(INFORMATION PROVIDED)

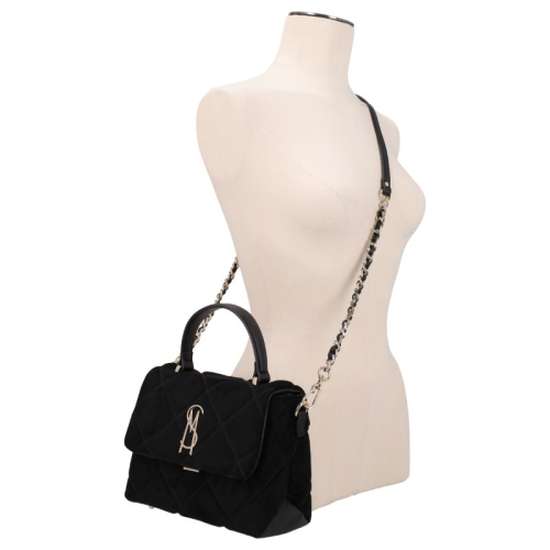 Deze Steve Madden handtas uit de Bmikki serie is een echte eyecatcher! Met zijn elegante imitatiesuède in zwart en het doorgestikte patroon, straalt hij klasse en stijl uit. Steve Madden, afkomstig uit New York, staat bekend om zijn trendy en modieuze ontwerpen die altijd op de laatste trends inspelen. De goudkleurige hardware, waaronder het embleem en de beschermnoppen, geven de tas een chique uitstraling. De gevlochten schakelketting als schouderband voegt een vleugje glamour toe, waardoor deze tas perfect is voor elke gelegenheid.
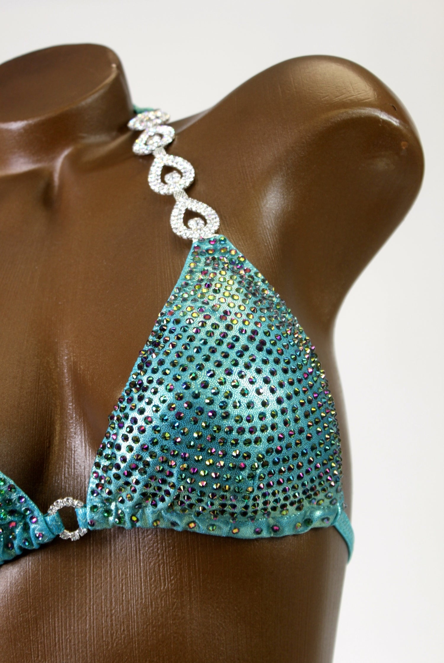 At Saleyla, every competition suit is custom-made by hand using premium fabrics, high-quality crystals, and over 17 years of experience designing suits for bikini, wellness, figure, and fit-model athletes. Each suit is cut, sewn, and rhinestoned to your exact measurements, ensuring a flawless stage fit that highlights your physique and enhances your confidence under the lights.
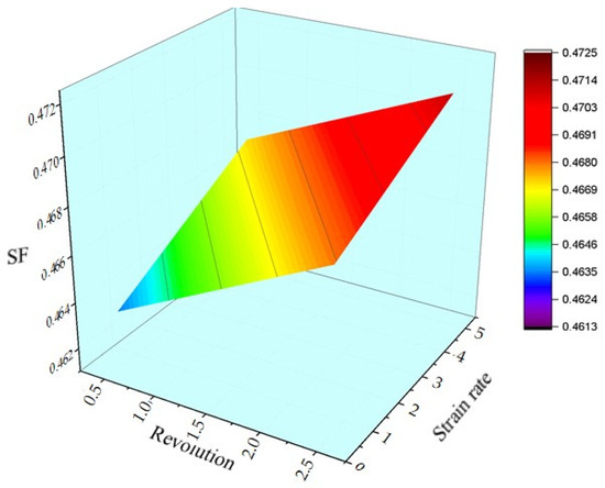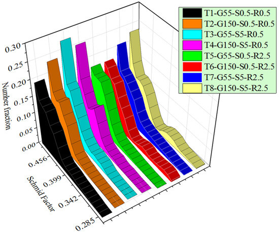 The maximum average SF in the torsional loading on aluminum wires occurred when the strain and strain rate had the highest values. The effect of the increase in strain (revolutions) was greater than that of the increase in the strain rate. Therefore, in a specimen with an average grain size of 55 μm and constant strain rate 0.5 rpm, with an increase in revolutions from 0.5 to 2.5, the average SF increased from 0.4613 to 0.4657, while with an increase in strain rate from 0.5 rpm to 5 rpm, the average SF increased from 0.4657 to 0.4695 in a specimen with an average grain size of 55 μm undergoing a constant 2.5 revolutions. It was concluded that the average SF in wires under torsional loading was more strain-rate dependent than strain dependent. A higher average SF shows that a particular slip system experiences a greater resolved shear stress, thus increasing its activation probability during deformation. In contrast, lower average SFs may have less favorably oriented grains, resulting in delayed slip system activation and enhancing the strain-hardening effect.

(End INFORMATION PROVIDED)

- **PROBLEM TO WORK ON**:
Nothing but an exact copy of the data above, minus its pictures, should appear in the response.

- **TASK OUTPUT**:
 Deze Steve Madden handtas uit de Bmikki serie is een echte eyecatcher! Met zijn elegante imitatiesuède in zwart en het doorgestikte patroon, straalt hij klasse en stijl uit. Steve Madden, afkomstig uit New York, staat bekend om zijn trendy en modieuze ontwerpen die altijd op de laatste trends inspelen. De goudkleurige hardware, waaronder het embleem en de beschermnoppen, geven de tas een chique uitstraling. De gevlochten schakelketting als schouderband voegt een vleugje glamour toe, waardoor deze tas perfect is voor elke gelegenheid.
 At Saleyla, every competition suit is custom-made by hand using premium fabrics, high-quality crystals, and over 17 years of experience designing suits for bikini, wellness, figure, and fit-model athletes. Each suit is cut, sewn, and rhinestoned to your exact measurements, ensuring a flawless stage fit that highlights your physique and enhances your confidence under the lights.
 The maximum average SF in the torsional loading on aluminum wires occurred when the strain and strain rate had the highest values. The effect of the increase in strain (revolutions) was greater than that of the increase in the strain rate. Therefore, in a specimen with an average grain size of 55 μm and constant strain rate 0.5 rpm, with an increase in revolutions from 0.5 to 2.5, the average SF increased from 0.4613 to 0.4657, while with an increase in strain rate from 0.5 rpm to 5 rpm, the average SF increased from 0.4657 to 0.4695 in a specimen with an average grain size of 55 μm undergoing a constant 2.5 revolutions. It was concluded that the average SF in wires under torsional loading was more strain-rate dependent than strain dependent. A higher average SF shows that a particular slip system experiences a greater resolved shear stress, thus increasing its activation probability during deformation. In contrast, lower average SFs may have less favorably oriented grains, resulting in delayed slip system activation and enhancing the strain-hardening effect.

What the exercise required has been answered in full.